WORK REQUEST: Starting with the first line of the data below, copy each line up to and including the one containing "Reviews STOCK CAR". Pictures stay out.

Records drawn from a dataset:

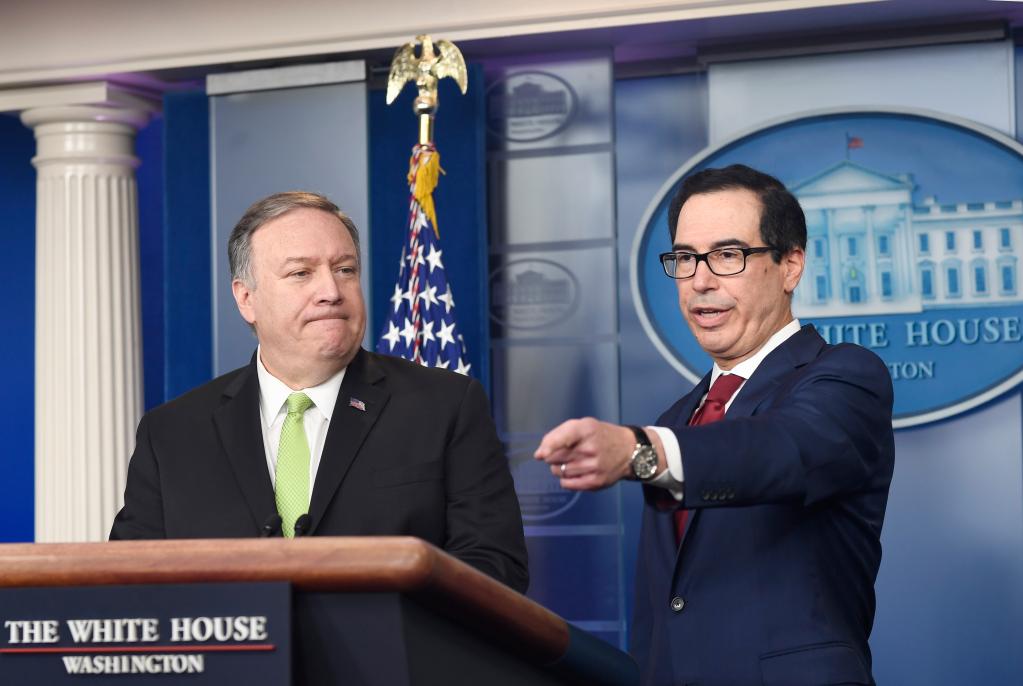 2020年1月10日,時任美國財政部長姆努欽(右)在華盛頓白宮舉行的記者會上發言。美國財政部當天宣佈對伊朗實施新的制裁,制裁對象包括伊朗8名高官和礦業公司等。(新華社記者劉傑攝)
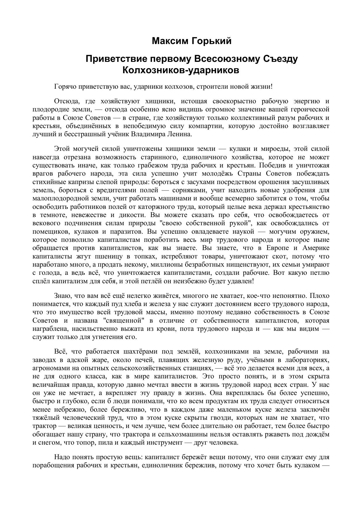 Приветствие первому Всесоюзному Съезду Колхозников-ударников
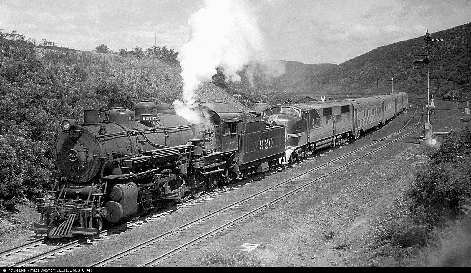 AT&SF train 21, El Capitan, is assisted on Raton Pass at Wootton Colorado in 1938. EMC 1 number 6 and five cars trail behind the 2-10-2. Otto Conrad Perry photo, from my collection.
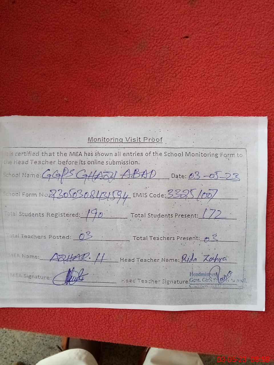 | Attendance Register | Head Teacher | MEA with School | Visit Proof |
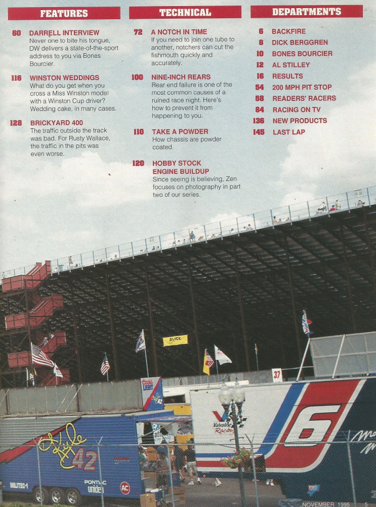 Reviews STOCK CAR RACING 1995 NOV - Brickyard 400, Winston Weddings, Fan Special
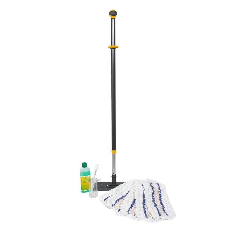 De steel is telescopisch verstelbaar en is voorzien van een ergonomische bol. Deze bol zorgt ervoor dat de pols tijdens het moppen minder belast wordt. Dit is voor mensen die dagelijks vloeren schoonmaken natuurlijk bijzonder belangrijk. Voor mensen die alleen willen werken met het beste materiaal is de ergonomische bol gewoon een prettige grip die het schoonmaken van de vloer vereenvoudigt.

PROBLEM SOLUTION:
 2020年1月10日,時任美國財政部長姆努欽(右)在華盛頓白宮舉行的記者會上發言。美國財政部當天宣佈對伊朗實施新的制裁,制裁對象包括伊朗8名高官和礦業公司等。(新華社記者劉傑攝)
 Приветствие первому Всесоюзному Съезду Колхозников-ударников
 AT&SF train 21, El Capitan, is assisted on Raton Pass at Wootton Colorado in 1938. EMC 1 number 6 and five cars trail behind the 2-10-2. Otto Conrad Perry photo, from my collection.
 | Attendance Register | Head Teacher | MEA with School | Visit Proof |
 Reviews STOCK CAR RACING 1995 NOV - Brickyard 400, Winston Weddings, Fan Special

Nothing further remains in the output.